What you're learning here transfers beyond Claude Code. Worktrees are a git feature — not a Claude Code invention. The git worktree add command works in any git repository, with any development tool. Agent orchestration patterns (supervisor → specialist, parallel fanout, sequential pipeline) appear in Claude Managed Agents, OpenAI Agents SDK, AutoGen, and the Claude Agent SDK with different syntax but identical architecture. The mental model you build this week — how to decompose a complex task into a supervised multi-agent pipeline — is framework-independent. The syntax is not.

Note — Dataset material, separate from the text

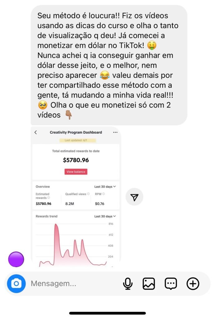 Vários alunos relatam ganhos consistentes aplicando as aulas. Há prints e vídeos de resultados no material oficial do curso.

Lab Exercise: Three-Agent SOC System

Architecture: Incident arrives → Orchestrator routes to Recon Agent (gathers IoC data via your MCP tools) → Analysis Agent (applies CCT framework to synthesize findings) → Reporting Agent (generates structured JSON + Markdown report). All three run under the Orchestrator's control.
cd ~/noctua-labs
git init soc-agent-system && cd soc-agent-system
git commit --allow-empty -m "init"
# Create worktrees for each agent component
git worktree add ../soc-recon   -b feature/recon-agent
git worktree add ../soc-analysis -b feature/analysis-agent
git worktree add ../soc-reporting -b feature/reporting-agent
cd ~/soc-recon
claude
# Prompt: "Build a recon security agent in Python using the Anthropic SDK.
# The agent receives raw alert text and must:
# 1. Extract all IoCs (IPs, hashes, CVEs, domains)
# 2. Use tool calls to enrich each IoC via the MCP tools
# 3. Return structured JSON: {iocs: [{type, value, enrichment, severity}], summary}
# Use claude-sonnet-4-6. Include error handling for failed tool calls."
cd ~/noctua-labs/soc-agent-system
claude
# Prompt: "Build orchestrator.py that coordinates three agents in sequence.
# Import: recon_agent.run(alert_text), analysis_agent.run(recon_json),
# reporting_agent.run(analysis_json, start_ts)
# Requirements:
# - 30s asyncio timeout per agent via asyncio.wait_for()
# - If recon times out: pass partial data to analysis with recon_status='timeout'
# - If analysis fails: reporting still runs with error summary
# - Return: {mtti_seconds, recon_status, analysis_status, report}
# - Log each stage with timestamp to structured JSON log"
Alternative: Claude Managed Agents

The system you just built manages the orchestration loop in Python — your code calls each agent in sequence, handles errors, and wires results together. Claude Managed Agents is Anthropic's hosted version of this pattern: you define the agent config once, start a session per investigation, and stream events. The container, tools, and agent loop run on Anthropic's infrastructure.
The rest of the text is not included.